IYA2009 breaks another record

Longest canvas in the world painted at the Oceans festival in Lisbon, under the theme Oceans and Astronomy. In this creative event that was open to families, a 4.8 km long canvas was painted with the help of many enthusiastic volunteers.


More information: http://www.festivaldosoceanos.com/home_en.html


NASA Celebrates IYA2009

10 August 2009

The National Aeronautics and Space Administration (NASA), in partnership with the U.S. national node and the IAU/UNESCO, of which it is an Organizational Associate, has developed a rich and vibrant program for the International Year of Astronomy 2009.  We kicked off the event at the American Astronomical Society meeting in January 2009, with a sneak preview of the multiwavelength image of M101, taken by the three NASA Great Observatories, Hubble Space Telescope, Chandra X-Ray Observatory, and Spitzer Space Telescope.  There was a steady stream of visitors at the NASA booth at the Opening Ceremony in Paris.  Since then NASA programs have touched the hearts and souls of the young and old both in the U.S. and internationally.  All NASA programs can be accessed via the website http://astronomy2009.nasa.gov/.  Below is an update on some of the NASA programs - there are many more!

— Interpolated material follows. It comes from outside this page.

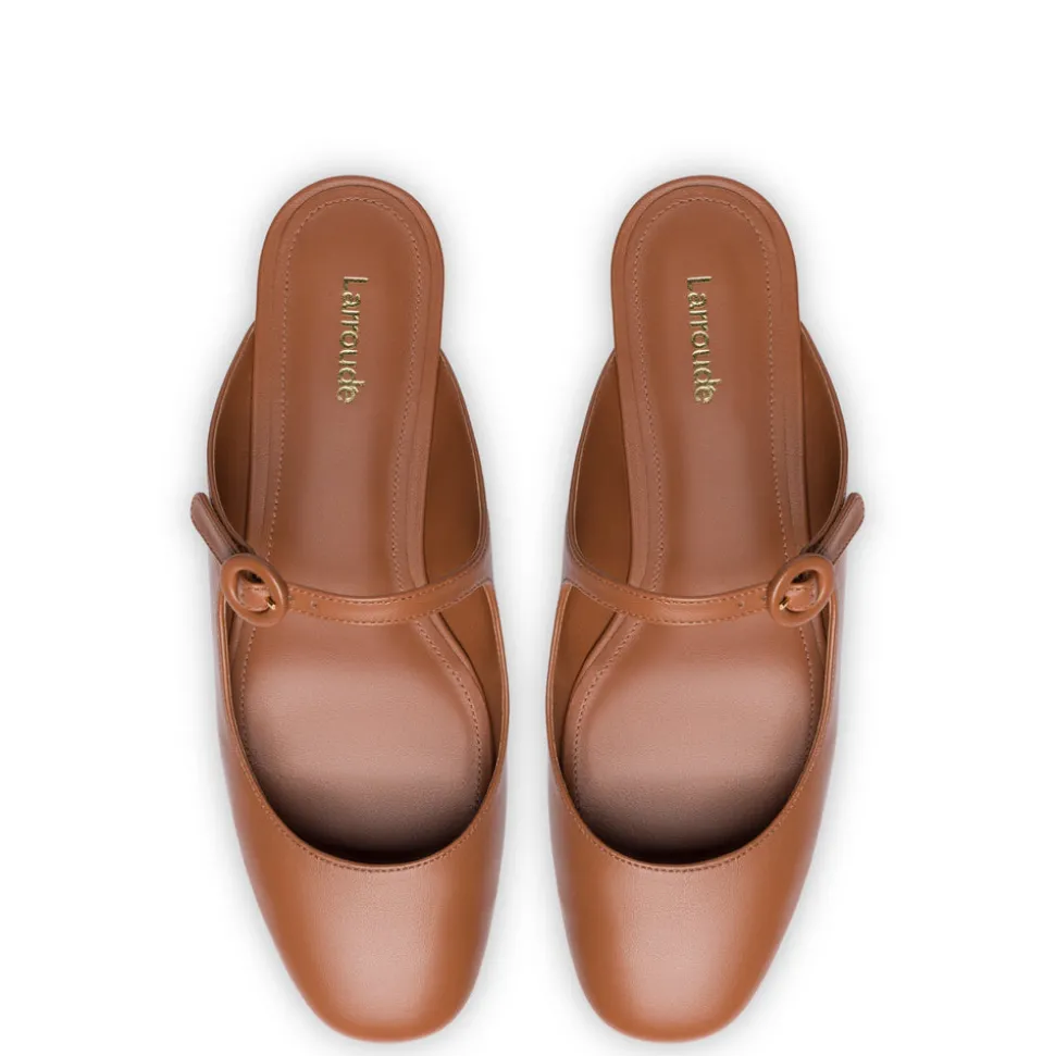 Bold colors, playful patterns, and chic silhouettes are hallmarks of Larroudé, a shoe brand born of the pandemic from industry veterans and husband-and-wife team Marina and Ricardo Larroudé. Manufactured in Brazil, Larroudé shoes are designed with the consumer and community in mind, never compromising on style, fit, and quality. Crafted in materials gold-certified by the Leather Working Group, wearing this luxury footwear brand allows you to feel as good as you look. With the Blair Flat Mule in Caramel Leather, an adorable mary jane arrives in a new mule shape for the warmer weather. Here it’s in a rich shade of leather.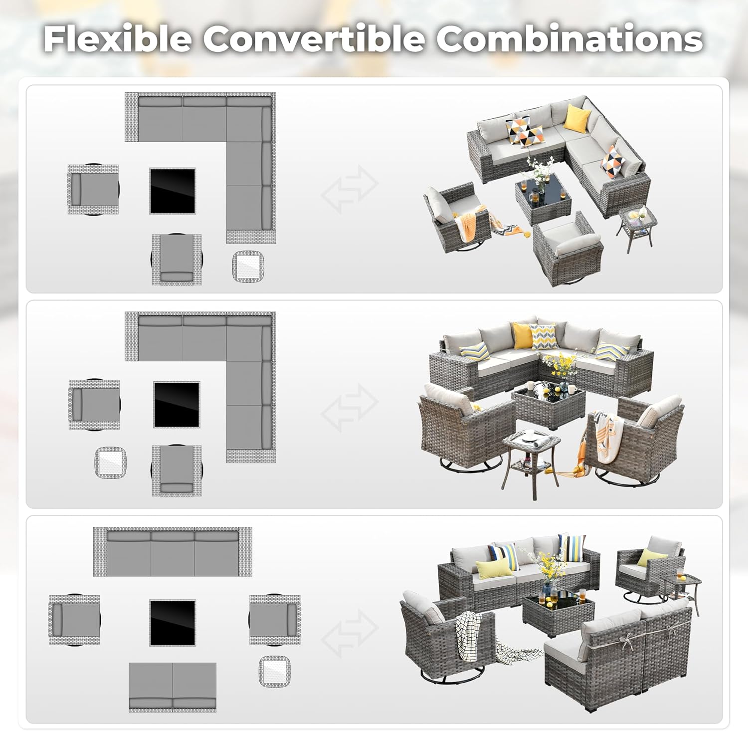 - Modular Combination: Outdoor sectional sofa set can be separated into 7 single seats, which can be freely combined with the included connecting clips to create the outdoor seating arrangement you want to fit into a variety of spaces.

-Great Observatories Image Unveiling (HST-Spitzer-Chandra views of  M101) - travelling exhibit at 116 science centers, museums, planetariums, and schools around USA.

-Visions of the Universe: Four Centuries of Discovery traveling exhibit for public libraries

-From Earth to the Universe image exhibition has been displayed in non-traditional venues in USA and around the world.

-Object of the month: Chosen by scientists to be easily observable by the public and supported by "Discovery Guides",  "What's Up" video & podcasts, "Amazing Space" resources, "Epo's Chronicles" webcomic.

-MicroObservatory: Take and process your OWN images with the MicroObservatory robotic telescopes.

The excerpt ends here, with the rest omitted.